『宝箱』
「ああ。君は何の為にこの店に買い物に来たんだい?」
女の人は、とても嬉しそうに笑った。
僕はいつの間に、こんな場所に迷い込んだのだろうと思った。
奇妙な店だった。
気付けば、こんな店に着いていた。
迷って、此処に辿り着いたのだろうか。
何やら、得体の知れない者達が、店の中を物色している。
頭が山羊の骸骨になっている男、影だけの存在の人物、そもそも頭と両脚が無くて、何故か浮遊しながら動いている者、三つの鳥の頭を持った者。様々だ。
みな、恐ろしい姿をしていたけれども、何処か和やかで、みな友達のようにも思えた。
そう言えば、外から見ると、此処は、小さな店だったような気がする。
けれども、中は随分と広い。
建物自体の面積があっていないかのようだ。
「此処に迷い込んだのかな? どうやら、君は忘れものをしてしまったみたいだね。なら、私から品物を買うといい。きっと、君の答えが見つかると思うんだよ」
彼女は唇を三日月型に歪めて、含み笑いをしていた。
「君に相応しいのは、これだと思うんだ。どうだろう?」
それは『鍵』だった。
何の鍵なのかは分からない。
僕は財布を取り出す。そして、彼女が提示した金額をカウンターに置く。
彼女はその金額を満足そうに眺めていた。
「君も私と同じように、収集家の匂いがするんだ。きっと役に立つ」
僕は、鍵を受け取り、大切にすると言った。
それからというもの、僕はあらゆる人達に鍵穴がある事に気付いた。
街を歩いていると、背中だったり、腰だったり、鍵穴を発見する事が出来るのだ。どうやら、鍵穴は鍵を握り締めている時だけ見えるみたいだった。

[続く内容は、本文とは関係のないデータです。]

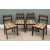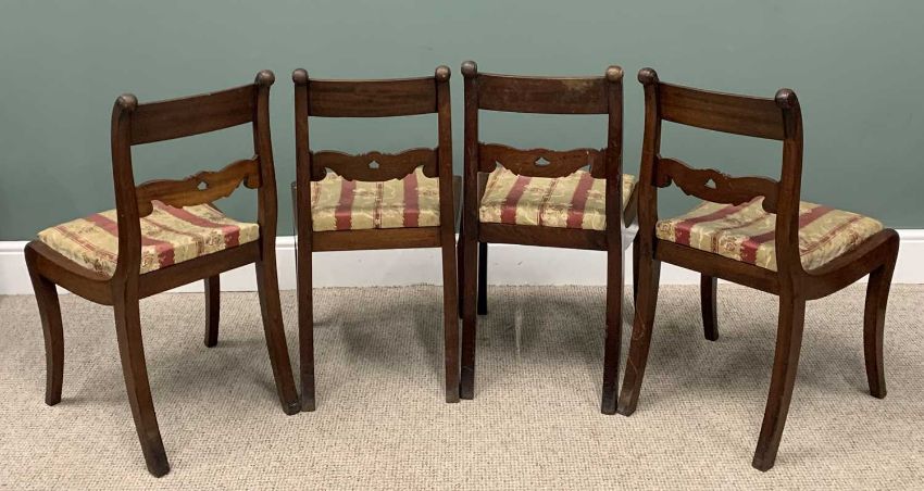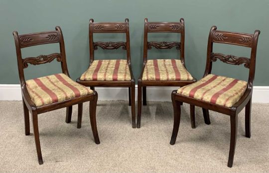 SET OF FOUR REGENCY MAHOGANY SABRE LEG CHAIRS, slightly curved backs, scroll and leaf carved centre rail, striped satin upholstered drop-on seat pads, sabre supports, 84cms (h), 47cms (w), 38cms seat depthProvenance: private collection Conwy

これが何なのかよく分からないけど、それでも、僕自身にとって、とても大切なものが入っているのが分かった。
僕はある若い女の人を見ていて、鍵穴を刺し込んでみた。
彼女の頭の首の後ろに、鍵穴が見つかった。
鍵を回す。
すると、ぽろり、と、女の人の頭が地面に落ちた。どうやら、彼女は宝箱だったみたいだ。中から、黄金色の棒が出てきた。僕はそれをもぎ取る。光っていた。とても美しかった。そして、僕は次々と鍵穴を開けていこうと思った。

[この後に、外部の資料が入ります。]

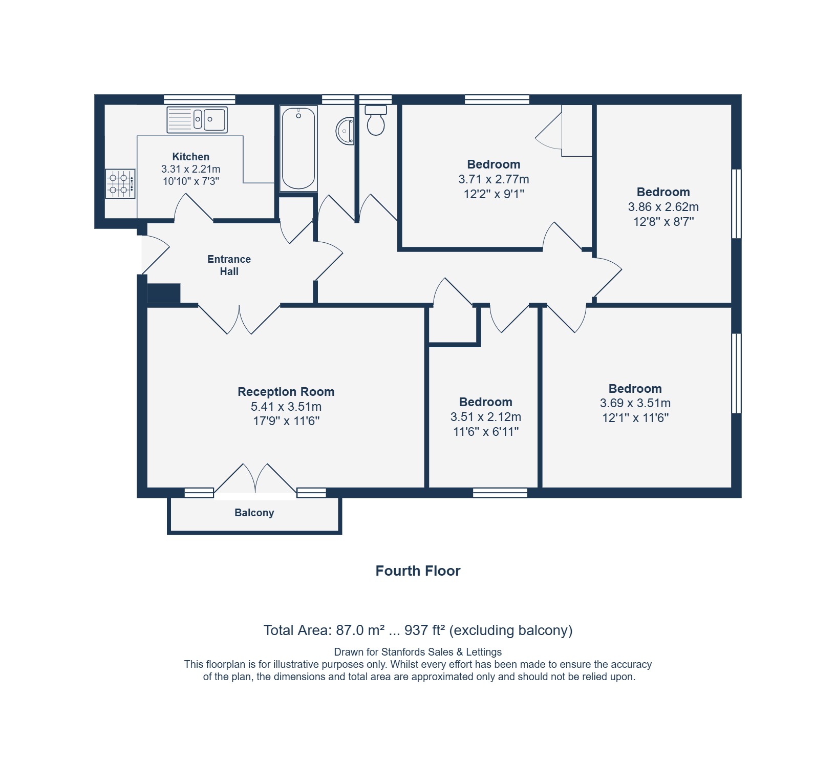 Set on the fourth floor, the property is well presented throughout and offers larger-than-average living space. The flat features a bright and airy reception room with French doors opening onto a private balcony, a modern kitchen, and four well-proportioned bedrooms. The bathroom is contemporary, complemented by a separate WC, and the property benefits from ample built-in storage. Residents also enjoy off-street parking and well-kept communal grounds.

中年のサラリーマンの背中からは、上品なデザインのバスケットが見つかった。サッカーをしていた男の子の額の下に、宝石が二つ見つかった。学校に行く途中の制服の少女は両手に鍵穴があって、お星様が出てきた。
僕は宝集めをした。
色々な処に、宝箱はあった。中には色々なものが入っていた。
それからして。
僕は『黒い森の魔女』と書かれた店に戻った。
そして、鍵によって宝箱を開けた事を、店の主である女の人に自慢した。
「そうなのか。沢山、手に入れたんだな。それは君の“部品”じゃないかな? きっと君に足りないものだよ。君はファッション・リーダーにも見える。だから、君は君自身になるように集めてこればいいよ。もっと沢山、集めればいい。ああ、でも、集め過ぎはどうだろうな。まあいいか、私は派手な服は嫌いではないしな」
女の人は笑っていた。
彼女は、僕の今の姿を見て、とても喜んでいるみたいだった。
僕は世界中を旅して、沢山の宝箱を開けてきた。たまに僕に気付いて動いて逃げる宝箱や、僕に何かをしてくる宝箱もいたけれど、気にせず、鍵を開けていった。そして、僕は沢山の装飾品と服を身体に身に付けた。とってもオシャレな気分になった。
たまに、黒い森の魔女に、宝箱のありかを聞きに訪れる。
彼女はいつも笑顔で、僕の姿が日に日に、素晴らしく、美しくなっているのだと告げるのだった。